THE Forum for Renewable Energy Development in Scotland (FREDS) is calling for much more support to encourage the development of marine renewables.
Its Marine Energy Group (MEG) notes that it is some time since wave and tidal technologies in gestation received funding support in Scotland. MEG warns that “insufficient or misdirected” financial support is a key barrier to the pace of success of the marine renewables sector in Scotland.
It wants systematic support from the R&D phase through to commerciality, broken down into four phases. Demands include:
The Technology Strategy Board should open a funding round for marine energy technology development under its so-called “technology readiness scheme”. This could include concept R&D, feasibility studies, component testing, and scale-testing in tanks and at sea, embracing development stages one and two.
Research funding councils should continue to fund R&D in marine energy.
The European Commission should include funding for marine energy within future Work Plans under the EU’s 7th Framework programme (FP7).
The Scottish Government should consider the roles of the various public bodies, including Scottish Enterprise, Highlands and Islands Enterprise, The Carbon Trust, Scottish Government and others, providing funding for early-stage technologies.

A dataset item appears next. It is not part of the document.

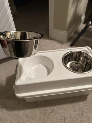 [This review was collected as part of a promotion.] Overall this is super convenient to use! We have two dogs that are in different foods. So having their food under the bowl makes it way easier to feed them their specialized food. We also like it because it is elevated up which is better for our dogs.

“It is a matter of concern for developers that the Applied Research Fund from the Carbon Trust is not at present supporting Scottish marine energy projects,” says MEG.
The FREDS unit also wants the UK’s Energy Technologies Institute to award more funds for marine energy while tackling concerns over its selection process and capture of intellectual property (IP) rights. This public-private partnership has a £50million fund. Yet, since announcing a call in 2007, there has been only one successful award of funding to a marine energy project.
MEG says stage two is a key phase for the Scottish marine energy industry and recommends that the Scottish Government introduces a flexible WATES (Wave and Tidal Energy Support Scheme) style initiative as an open call, with an annual allocation which developers must use or lose within a 12-month window if they cannot demonstrate tangible effort to progress the project. The initial WATES awards, totalling about £13million, were focused on technology demonstration projects.
MEG says developers strongly recommend that the scheme be rerun with an increased budget to provide further opportunities for critical stage projects. Unutilised funds could be rolled over into the following year’s pot.
Further stage-two demands include:
DECC in London should announce urgently the criteria for the £22million Marine Renewables Proving Fund, with a call for funding proposals issued as soon as possible.
Scottish Enterprise should lift the cap on its Scottish Venture Fund from £2million to £10-15million. This would enable stage two and stage three developers to de-risk technology investment and attract inward private capital investment. This could be administered in a similar way to the WATES scheme.
The UK Treasury should include marine renewable energy devices in the Energy Technology Criteria List (ETCL; it should increase the maximum relief available for exempt investments in approved marine renewables companies under the Enterprise Incentive Scheme (EIS), and it should release funding for renewables projects, including marine energy, from the Fossil Fuel Levy account in a manner which will not impact on the Scottish Consolidated Fund.
The EC should make funds available to support commercial-scale demonstration of marine devices and arrays at stages two and three.
Stage-three support demands notably include that DECC should retain the entry criteria for the £42million Marine Renewable Deployment Fund (MRDF) and lift the capital support cap from 25% to 40% in line with the WATES model; and that Holyrood should introduce WATES-style stage-three support in recognition of the increased capital costs at this stage and of developers’ increased proximity to market.
Finally, stage four, where MEG says long-term support through market mechanisms such as the Scottish Government’s banded ROCs system is welcomed as it enables inward investment based on a well understood future renewable-energy price framework. But it wants Holyrood to review urgently the level of ROC banding for tidal stream as developer opinion is that tidal stream should attract five ROCs per megawatt-hour in line with the band for wave energy in Scotland.